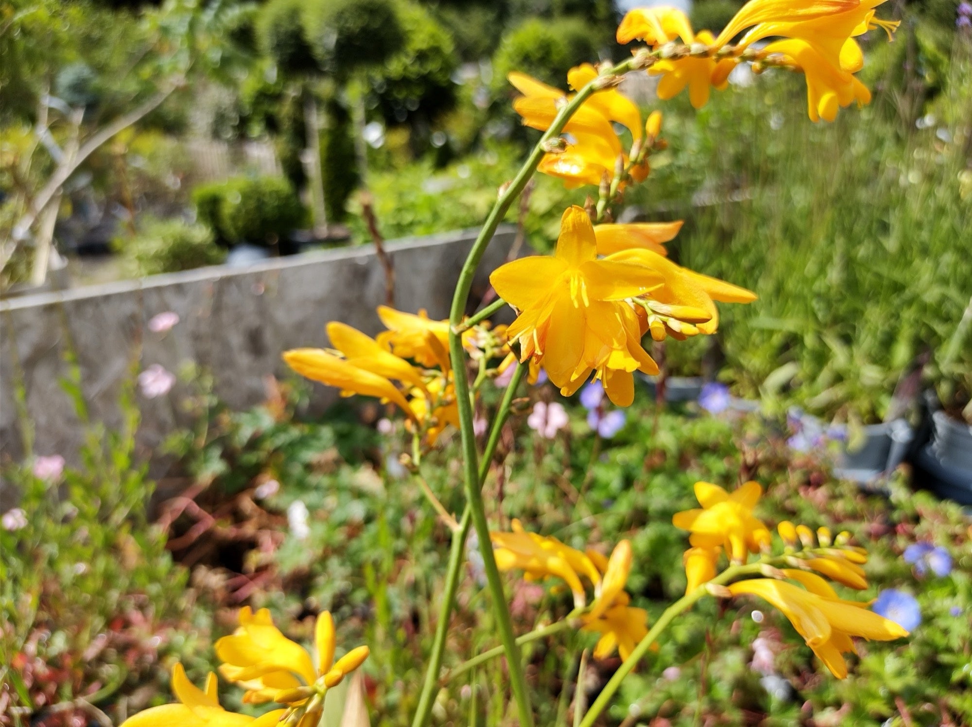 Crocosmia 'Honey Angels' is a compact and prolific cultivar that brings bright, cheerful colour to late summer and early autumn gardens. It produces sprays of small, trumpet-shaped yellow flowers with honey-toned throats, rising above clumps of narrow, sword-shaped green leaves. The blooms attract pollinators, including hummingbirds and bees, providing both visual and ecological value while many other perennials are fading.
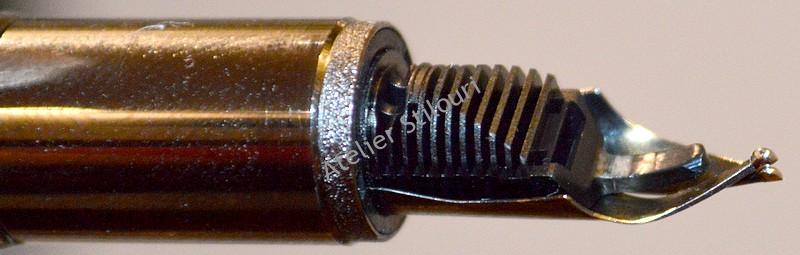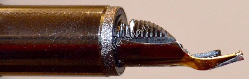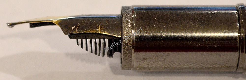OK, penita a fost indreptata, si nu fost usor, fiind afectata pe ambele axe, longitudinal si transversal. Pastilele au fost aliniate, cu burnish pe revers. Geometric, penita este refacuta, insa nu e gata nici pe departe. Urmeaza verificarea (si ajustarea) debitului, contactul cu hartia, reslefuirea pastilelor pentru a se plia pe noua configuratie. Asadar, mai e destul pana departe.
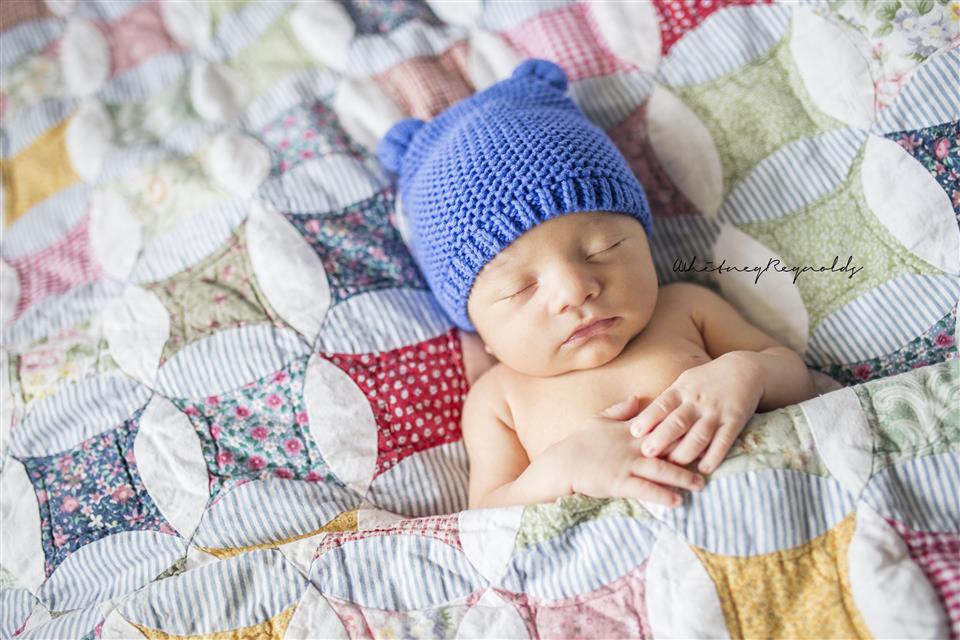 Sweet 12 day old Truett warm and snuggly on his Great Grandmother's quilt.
...
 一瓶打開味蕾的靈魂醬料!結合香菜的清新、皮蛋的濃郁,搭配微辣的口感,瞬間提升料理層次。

§ Task description: Starting at the line containing "Crocosmia 'Honey Angels'" and finishing at the line containing "Sweet 12 day", return those lines exactly as they appear above, without the pictures.

§ Task answer:
 Crocosmia 'Honey Angels' is a compact and prolific cultivar that brings bright, cheerful colour to late summer and early autumn gardens. It produces sprays of small, trumpet-shaped yellow flowers with honey-toned throats, rising above clumps of narrow, sword-shaped green leaves. The blooms attract pollinators, including hummingbirds and bees, providing both visual and ecological value while many other perennials are fading.
OK, penita a fost indreptata, si nu fost usor, fiind afectata pe ambele axe, longitudinal si transversal. Pastilele au fost aliniate, cu burnish pe revers. Geometric, penita este refacuta, insa nu e gata nici pe departe. Urmeaza verificarea (si ajustarea) debitului, contactul cu hartia, reslefuirea pastilelor pentru a se plia pe noua configuratie. Asadar, mai e destul pana departe.
 Sweet 12 day old Truett warm and snuggly on his Great Grandmother's quilt.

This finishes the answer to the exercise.